The limitation your likely to encounter concerns the extracted file, you can easily place it on the Domino server's file structure but you may be limited by the OS security from placing it on a different server.
Lotus Notes/Domino stores mail in a Notes database. There are APIs available for getting documents (emails), reading field values (From, Subject), and detaching files.
APIs include
-LotusScript (VB variant, available within the Notes database)
-Java (from within or external to the database)
-C API (external)
-Same API available through COM server
You can create a "scheduled agent" within the database (using LotusScript or Java) that can locate documents created since it last ran, locate the attachments, and extract them. The agent will need to be signed with an ID that has the appropriate permissions on the server, including those required to write to the file system and initiate any other processes.
External to the database, you can use any API except LotusScript to log-in to the server/mail database, and follow a similar process, e.g. extracting the files locally on a client or separate server. C API and COM require a notes client install, but Java applications can be set up to run via CORBA/DIIOP without a full install.
Consult the Domino Designer help (or IBM's website for C API) for more information.
As to a "generic way" to do this, if you are accessing data in Notes and needing to extract attachments, I believe these APIs are your best option. If you envision porting the application to another mail system, consider decoupling the API routines via an "interface" so you only need to add a new implementation of that interface to support a new mail system.
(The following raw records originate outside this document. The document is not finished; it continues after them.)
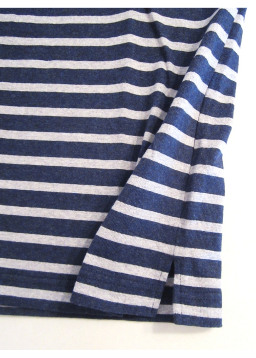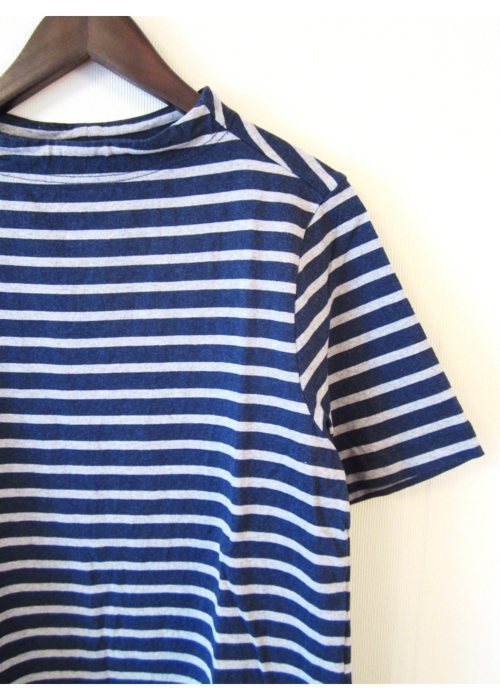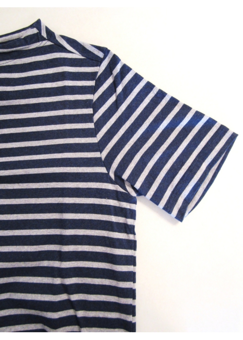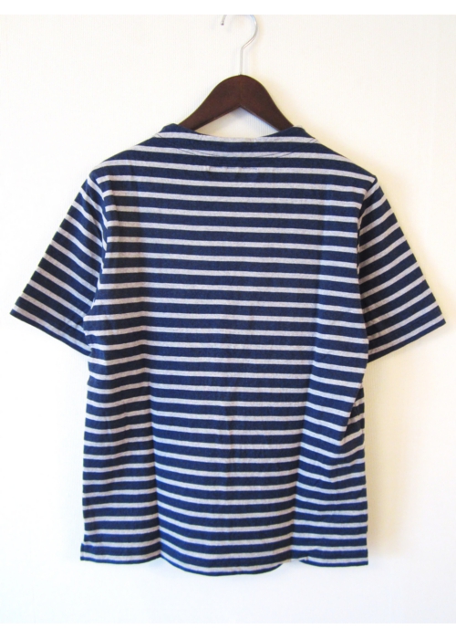 ガンジーネックカットソー 半袖 細ボーダーNAVY×GRAY_nisica
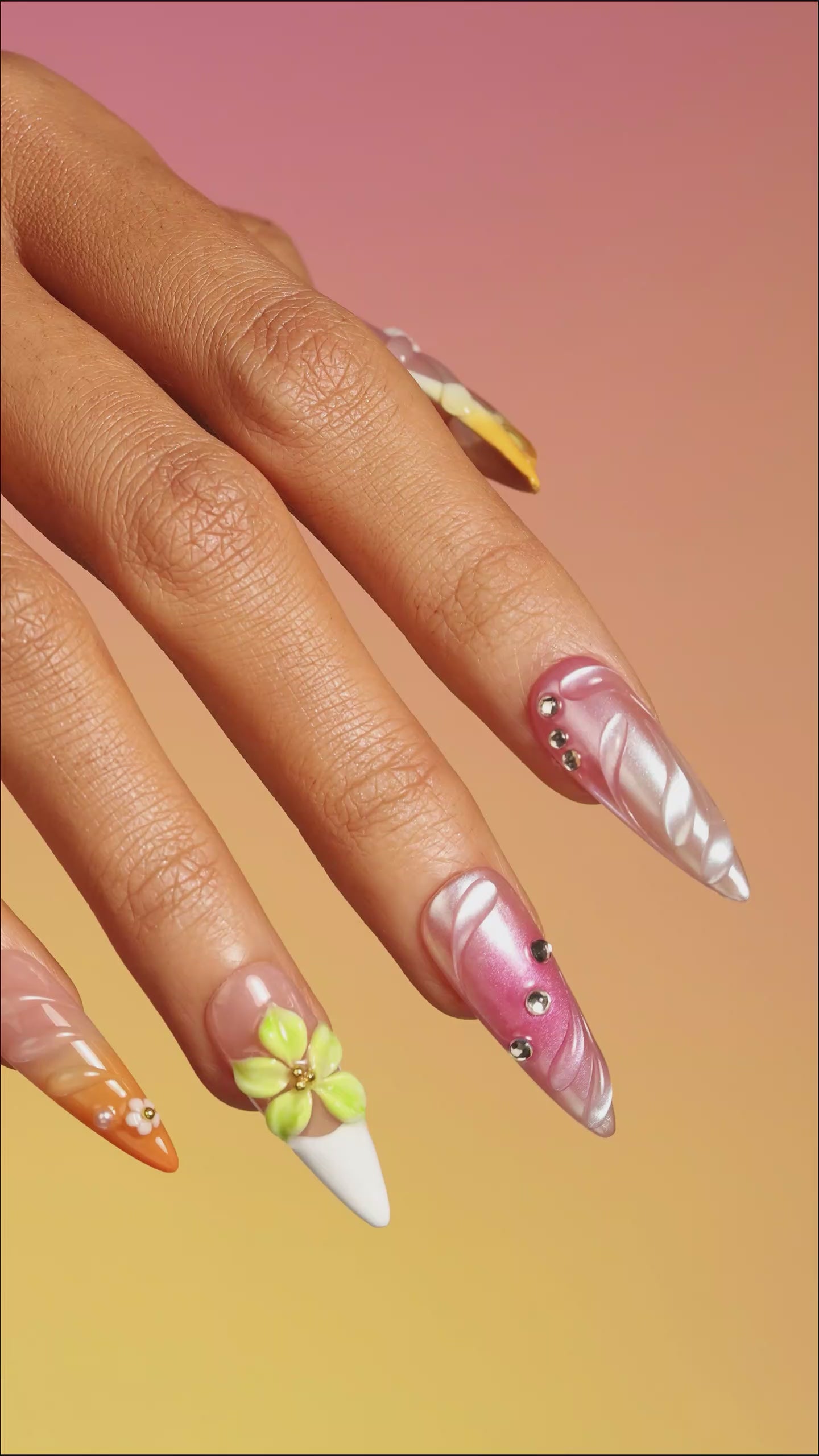 Bring a playful spirit to your nails with the Flower - Ripple Galaxy design. This warm-toned, French-inspired floral manicure captures a relaxed vacation vibe with a soft and gentle touch. Perfect for adding a fun, fresh look that feels both elegant and inviting.
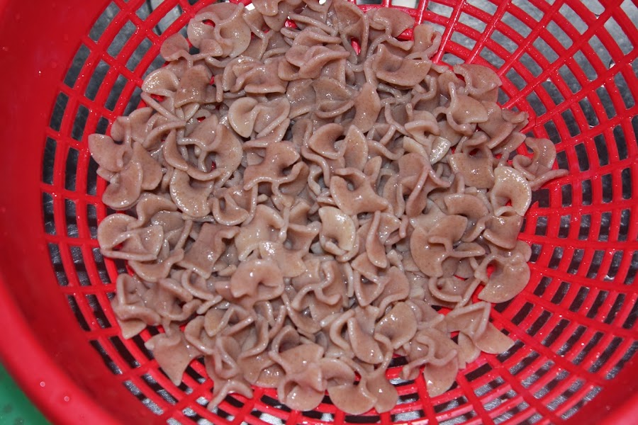 La espelta es considera como el origen de todas las variedades de trigo actuales, aunque no ha sido hasta esta última década cuando la popularidad ha crecido gracias al reconocimiento de sus múltiples cualidades nutricionales y a su uso en la gastronomía. Como podréis ver en las fotos la pasta es algo más oscura y tiene un sabor diferente, el único problema es que es tres o cuatro veces más cara que la pasta normal.

You can access Notes Documents relatively easily using DIIOP, would be a lot easier than going down the C Api road...
Try POP3Client in the Net Commons package; it'll let your Java program check for new mail for a particular account at whatever interval you want (every few minutes? hourly?), and get/delete messages as desired.
SMTP/POP3 can be enabled on the Domino server. Worked with this before and gotten Squirrel Mail running with it. SMTP is a bit resource intensive, but well worth the effort because then you don't have to descend into LotusLand to get things working. Just write a small Java CLI program that will check a specific email box (POP3 or SMTP), and parse through the messages, pulling the attachments and placing them where needed.
Plenty of documentation and examples here:
http://java.sun.com/products/javamail/
The techniques that you develop taking this approach will be more widely applicable in your future career than anything Lotus/Domino specific.
No matter what you do, you'll need an understanding of the Lotus Notes data structures. The good news is that a fully automated solution can be built in Notes very easily.
Your best bet is to have it built within Notes, and it can be set up to run automatically whenever new mail is received. Gary's answer is dead on, but without any experience, it would probably be hard to figure out how to implement it yourself. On the other hand, it really shouldn't take any competent Notes programmer more than an hour or two to set it up.